**WORK TO BE COMPLETED:**
The data below should be retyped exactly, with the pictures left out.

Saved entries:
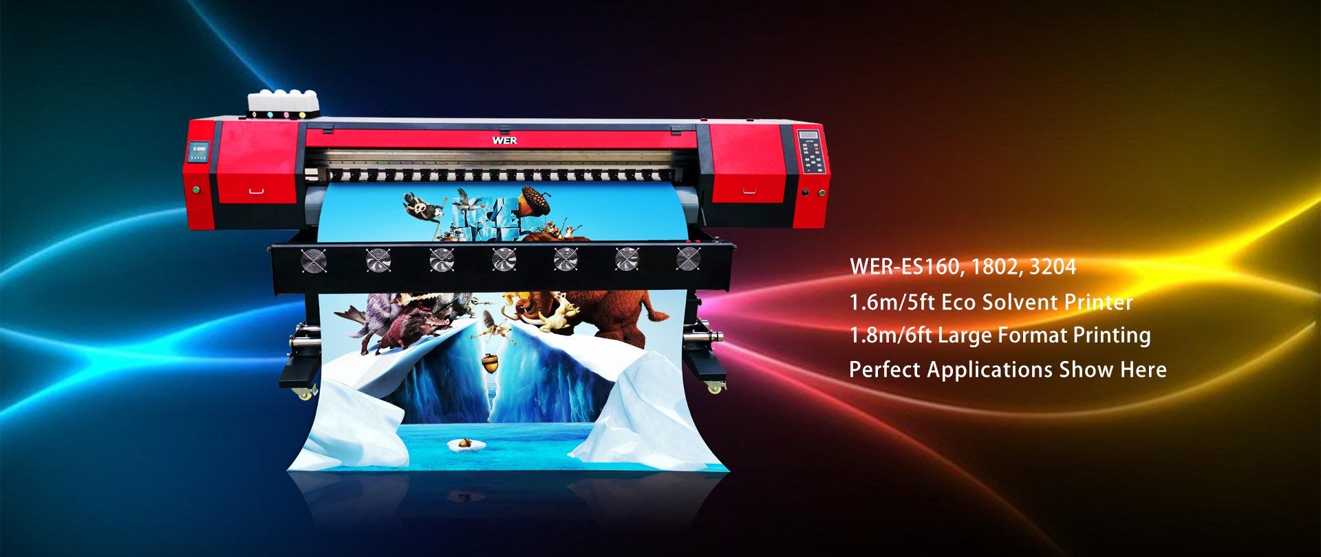 Еко растворувач принтери е главно за печатење затворен и надворешен рекламен материјал како флекс транспаренти, баннер крпа, винил, налепници, позадинско осветлување, матна винил, платно ...
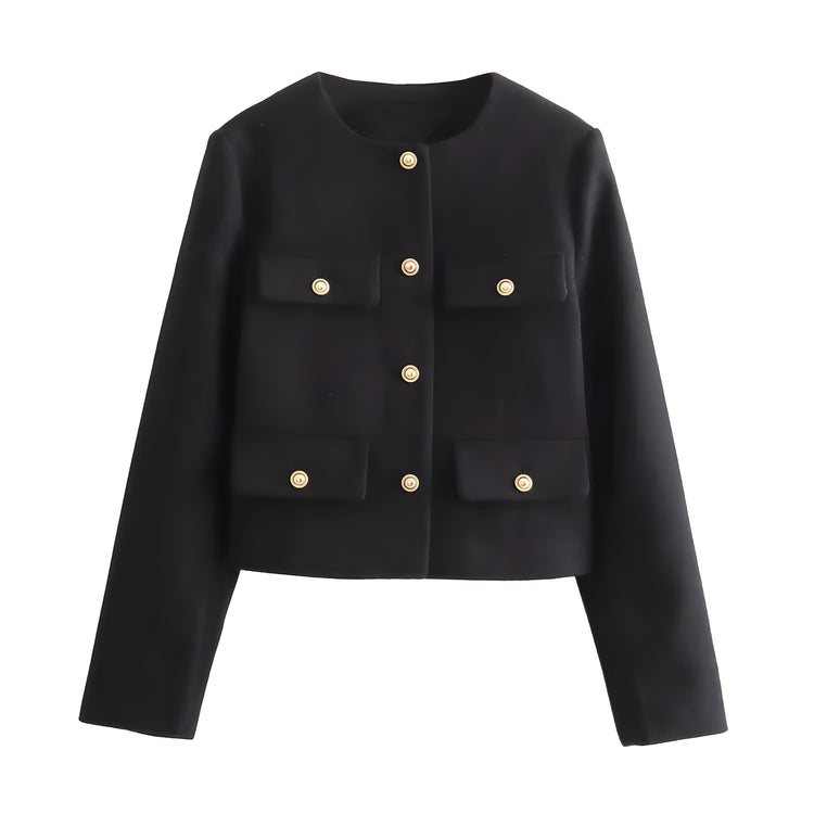 This jacket features luxurious detailing that combines elegance with a contemporary flair. It has accent gold buttons and is designed with a cropped hem, adding a touch of modern sophistication. The jacket has tailored long sleeves, providing a structured silhouette that is perfect for both casual and semi-formal occasions. Command presence.
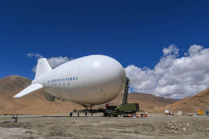 完成充氣後的“極目一號”Ⅲ型浮空艇在中科院珠峰站附近等待升空(2022年5月12日攝)。新華社記者 薑帆 攝
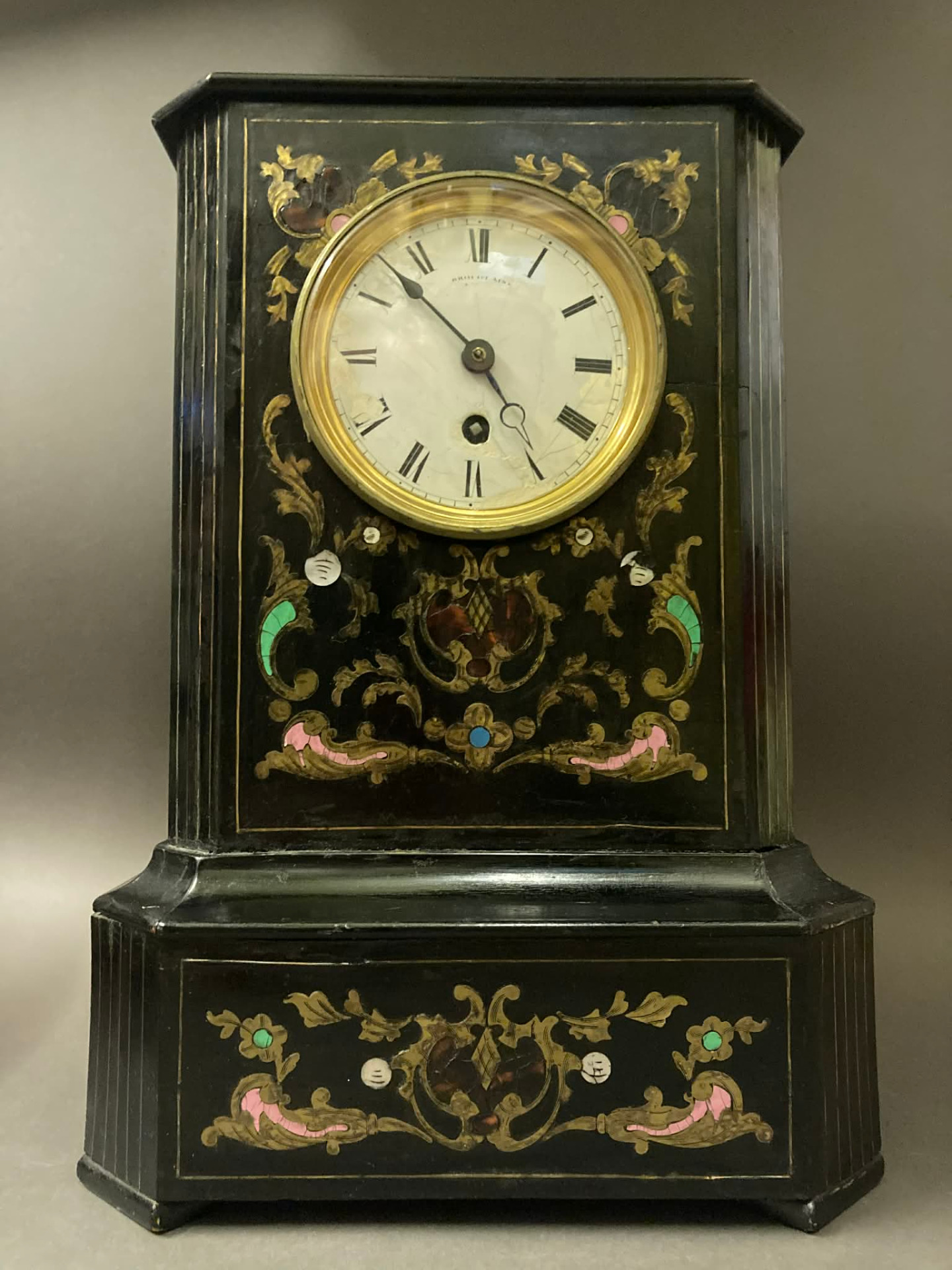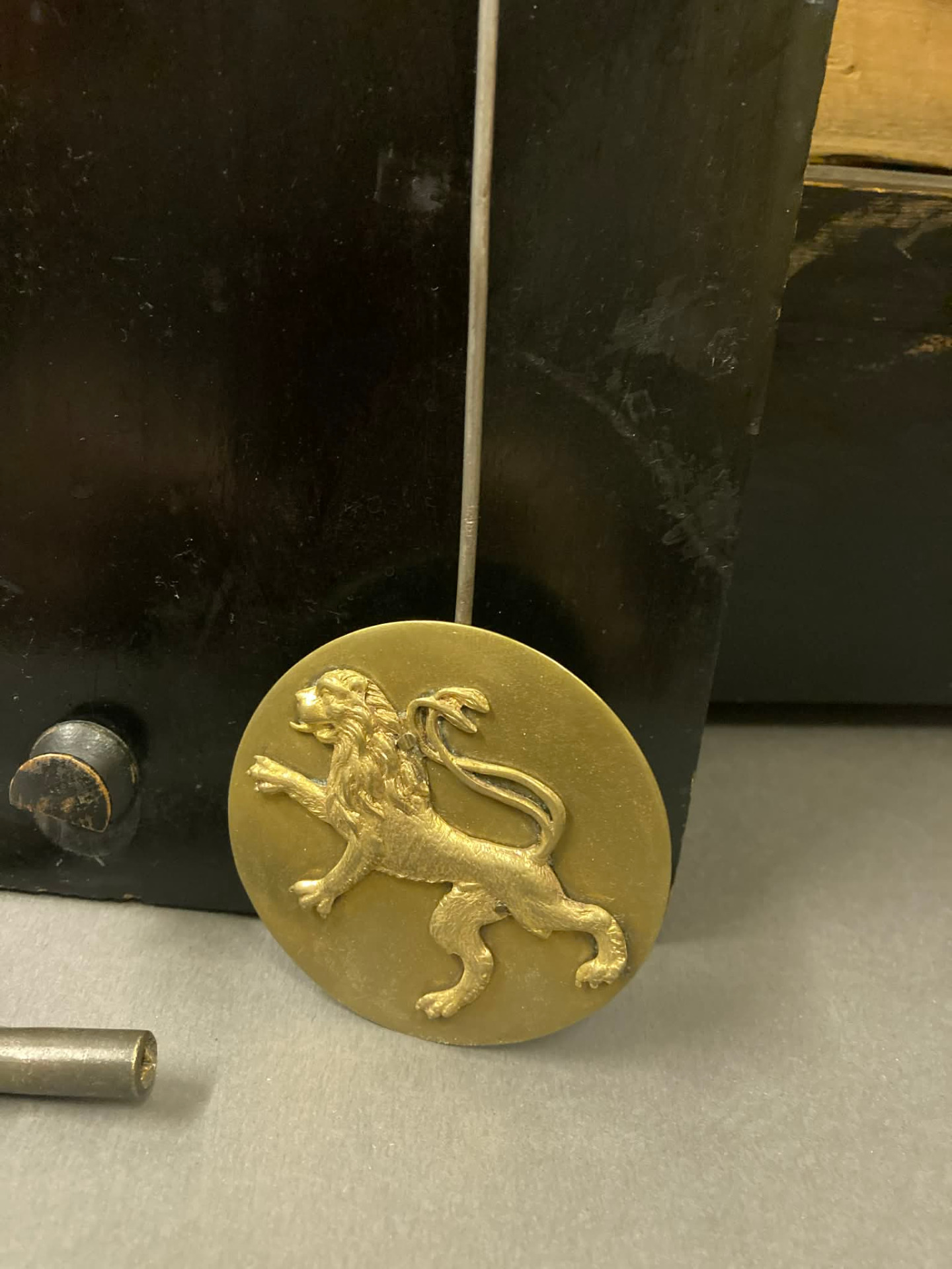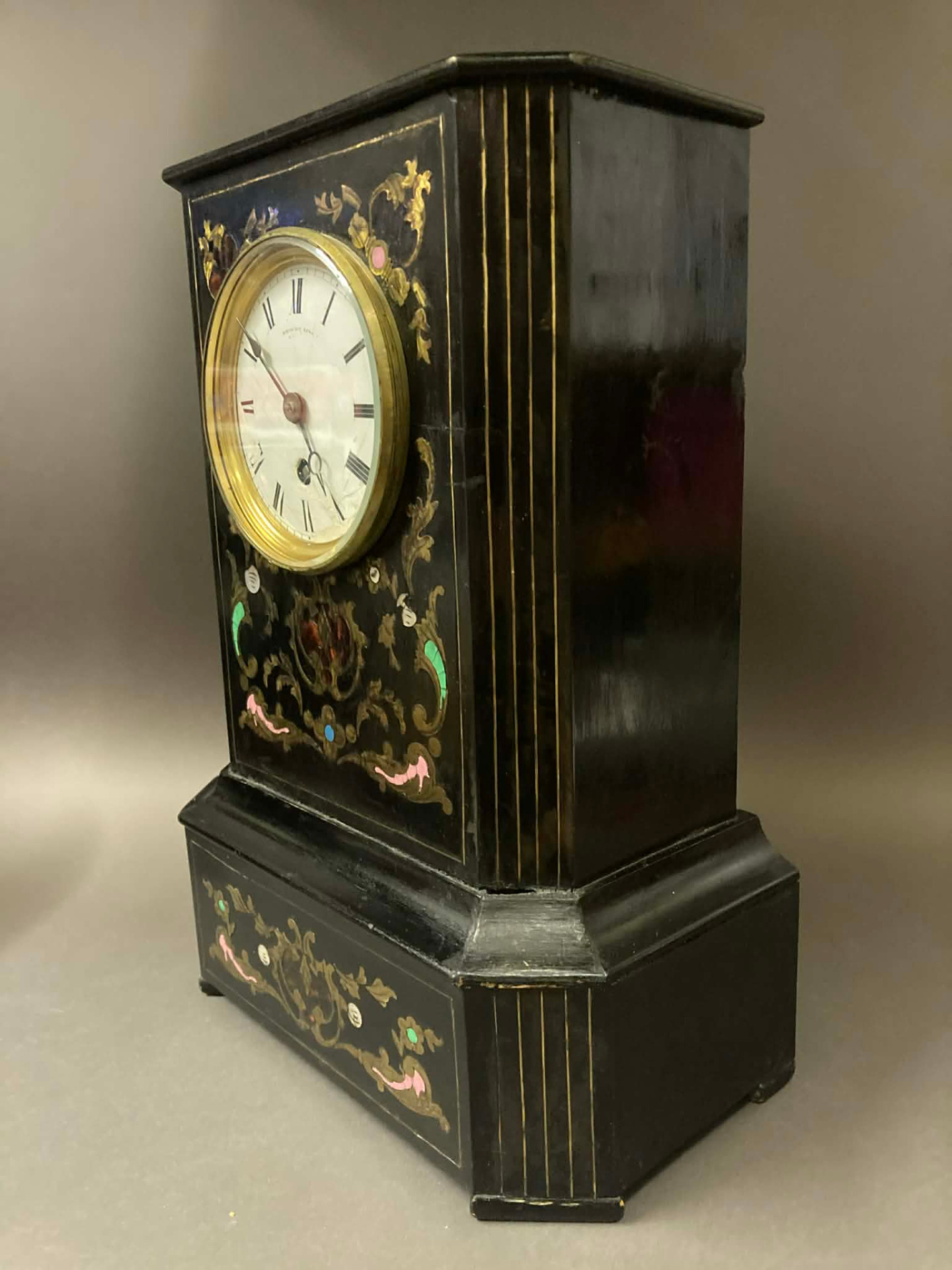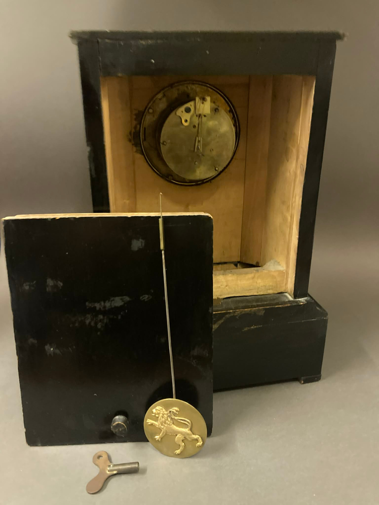 Antik, a tizenkilencedik század elején készülhetett, különleges boulle technikával díszített mechanikus kandalló óra ritkaság. fa tokozatát sárgaréz, zománc és teknőcpáncél berakás teszi igazán különlegessé. Javított zománcozott számlapján felirat foszlány látható, de ebből nem azonosítható a készítő. Mechanikus kulcs felhúzású szerkezete jelenleg nem jár, komplett elindul, de megáll, egy szervizelésre szorul, ha valaki működőképesen szeretné látni. Egy rendkívül különleges, nem kizárható hogy kettőszáz éves kandalló óra birtokosa lehet a megvásárlásával, mely egy neves történelmi családnál teljesített eddig szolgálatot!
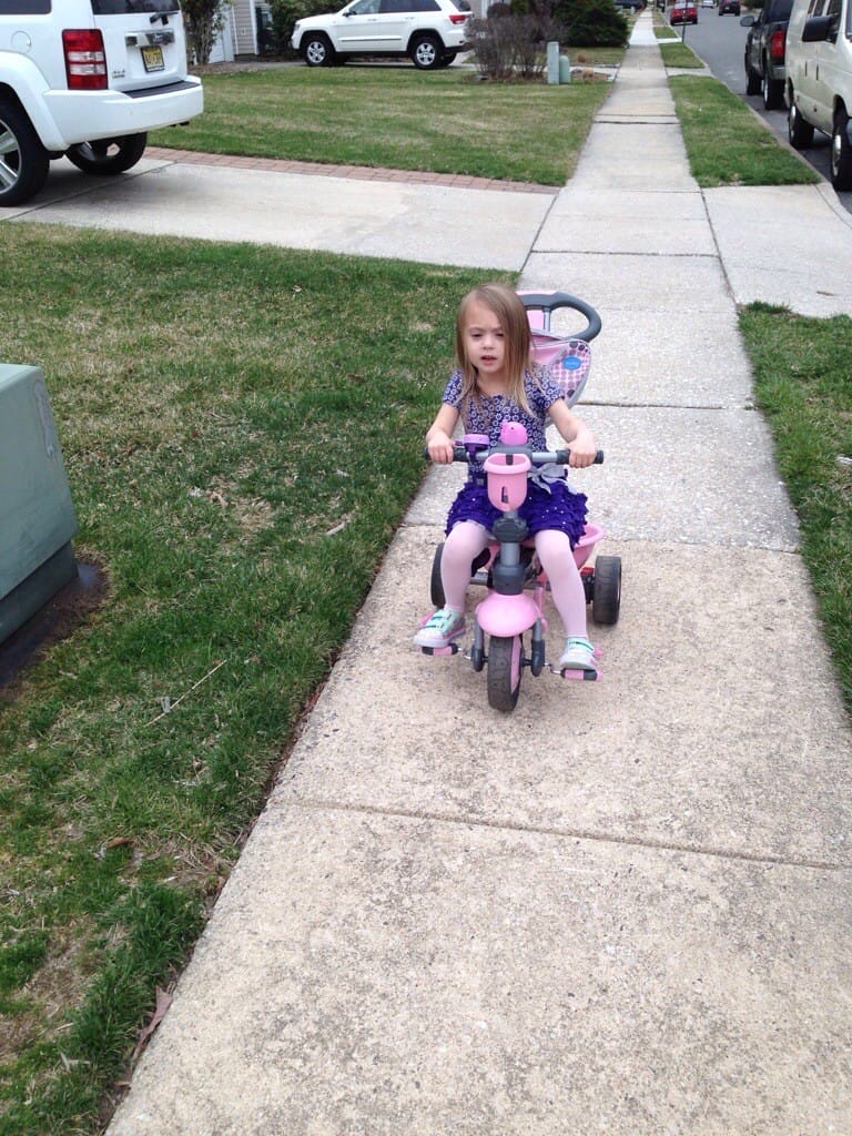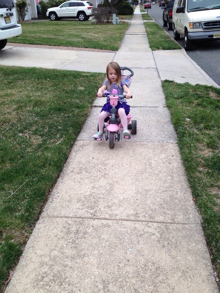 I changed into my “Twinkle Toes” and went for a ride on my trike. I rode all the way from our house to daddy’s office – that’s over a mile!

**ANSWER TO THE PROBLEM:**
 Еко растворувач принтери е главно за печатење затворен и надворешен рекламен материјал како флекс транспаренти, баннер крпа, винил, налепници, позадинско осветлување, матна винил, платно ...
 This jacket features luxurious detailing that combines elegance with a contemporary flair. It has accent gold buttons and is designed with a cropped hem, adding a touch of modern sophistication. The jacket has tailored long sleeves, providing a structured silhouette that is perfect for both casual and semi-formal occasions. Command presence.
 完成充氣後的“極目一號”Ⅲ型浮空艇在中科院珠峰站附近等待升空(2022年5月12日攝)。新華社記者 薑帆 攝
 Antik, a tizenkilencedik század elején készülhetett, különleges boulle technikával díszített mechanikus kandalló óra ritkaság. fa tokozatát sárgaréz, zománc és teknőcpáncél berakás teszi igazán különlegessé. Javított zománcozott számlapján felirat foszlány látható, de ebből nem azonosítható a készítő. Mechanikus kulcs felhúzású szerkezete jelenleg nem jár, komplett elindul, de megáll, egy szervizelésre szorul, ha valaki működőképesen szeretné látni. Egy rendkívül különleges, nem kizárható hogy kettőszáz éves kandalló óra birtokosa lehet a megvásárlásával, mely egy neves történelmi családnál teljesített eddig szolgálatot!
 I changed into my “Twinkle Toes” and went for a ride on my trike. I rode all the way from our house to daddy’s office – that’s over a mile!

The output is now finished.